Salary for 8 days of work = Rs 200

Salary for 20 days of work = x

Salary	200	x
Days	8	20

Solving for x, we have,

8 /200 = 20/x 

=> x =( 20 × 200) /8

=> x = (20 × 25)

=> x= Rs 500

Therefore, Salary for 20 days of work = Rs 500

Question 20. The amount of extension in an elastic string varies directly as the weight hung on it. If a weight of 150 gm produces an extension of 2.9 cm, then what weight would produce an extension of 17.4 cm?

Solution:

Weight required to produce extension of 2.9 cm = 150 gm

Weight required to produce extension of 17.4 cm = x

Extension (in cm)	2.9	17.4
weight (in gm)	150	x

Solving for x, we have, 

150 /2.9 = x/17.4

(150 /2.9) × 17.4 = x

=> x = 900gm

Therefore, Weight required to produce extension of 17.4 cm = 900 gm

Question 21. The amount of extension in an elastic spring varies directly with the weight hung on it. If a weight of 250 gm produces an extension of 3.5 cm, find the extension produced by the weight of 700 gm.

Solution:

Extension produced by 250gm of weight = 3.5 cm

Extension produced by 700gm of weight = x

Extension (in cm)	3.5	x
weight (in gm)	250	700

By the following data, we have, 

250 /3.5 = 700/x 

Solving for x, 

(700 × 3.5) /250 = x 

=> x = (7 × 35) /25

=> x = 9.8 cm

Extension produced by 700gm of weight = 9.8 cm

Question 22. In 10 days, the earth picks up 2.6 × 10⁸ pounds of dust from the atmosphere. How much dust will it pick up in 45 days.

Solution:

We have, 

Dust(in pounds)	2.6 × 108	x
Days	10	45

Pounds of dust picked up in 10 days = 2.6 × 10⁸

Pounds of dust picked up in 45 days = x

Solving for x, we have, 

10 / (2.6 × 10⁸) = 45 /x

x = (2.6 × 10⁸ × 45) /10

=> x = 11.7 × 10⁸ pounds

Therefore, earth will pick up 11.7 × 10⁸ pounds of dust in45 days.

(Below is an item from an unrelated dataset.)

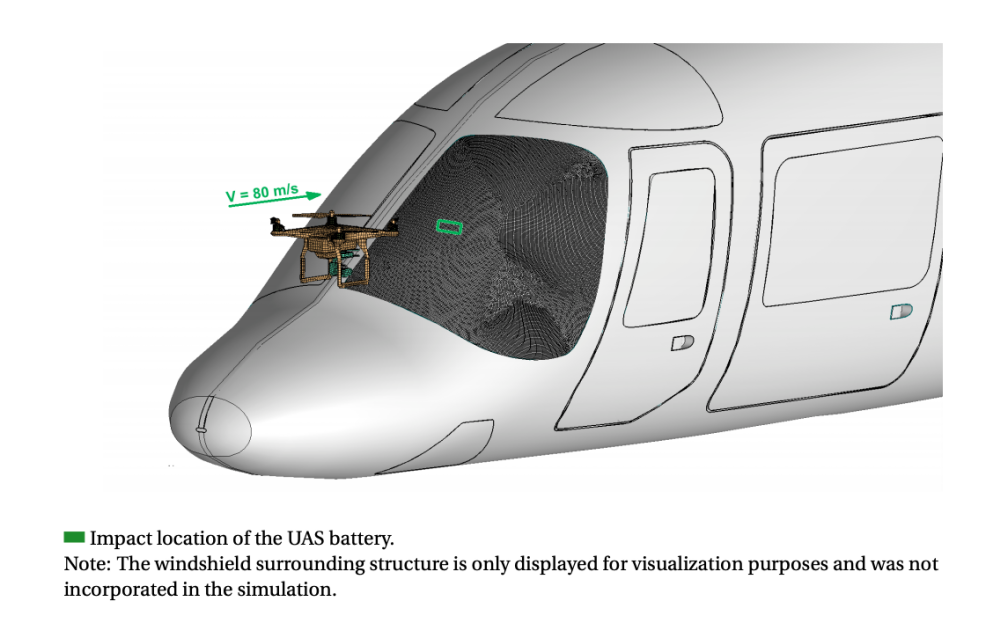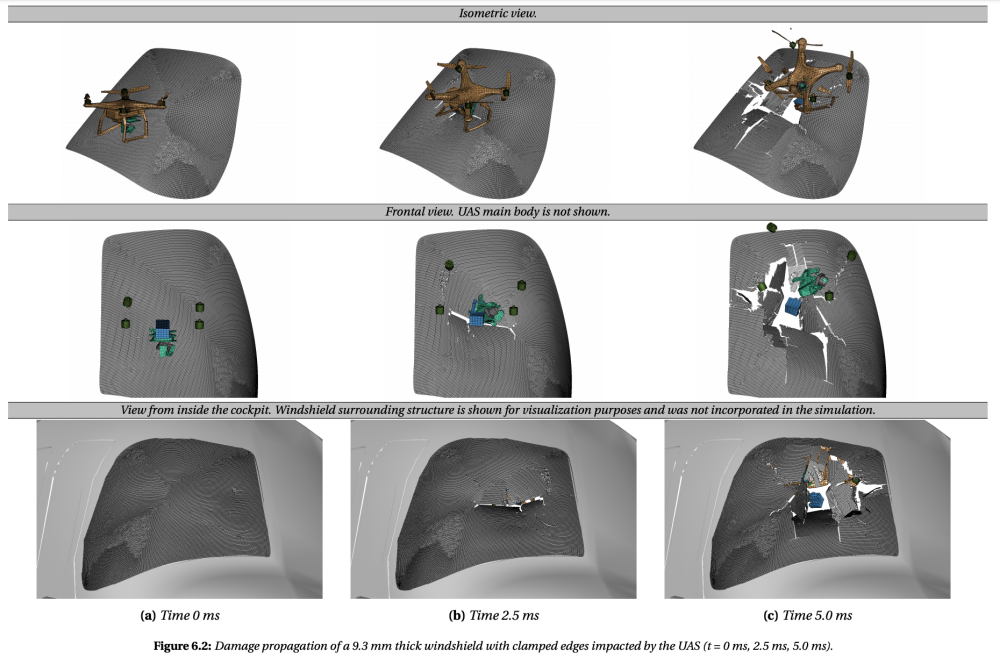 Researchers at the Delft University of Technology, TU Delft, have produced a 98-Page research thesis on ‘Predicting helicopter damage caused by a collision with an Unmanned Aerial System using explicit Finite Element Analysis‘.
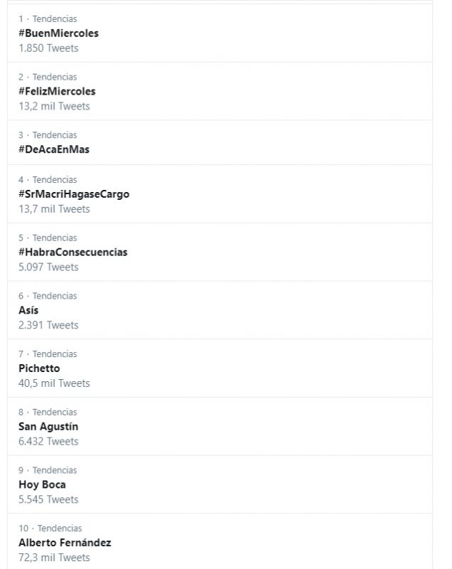 Los hashtags y frases que –según Twitter– son Temas del Momento (Trending Topics) en Argentina

Question 23. In 15 days, the earth picks up 1.2 x 108 kg of dust from the atmosphere. In how many days it will pick up 4.8 x 10s kg of dust?

Solution:

We have, 

Days	15	x
Dust	1.2 × 108	4.8 × 108

Solving for x, we get, 

1.2 × 10⁸ /15 = 4.8 × 10⁸ /x

x = (4.8 × 10⁸ × 15) / (1.2 × 10⁸)

=> x = (4.8 × 15) / 1.2 

=> x = 60 days

Therefore, earth will pick up 4.8 × 10⁸ kg of dust in 60 days.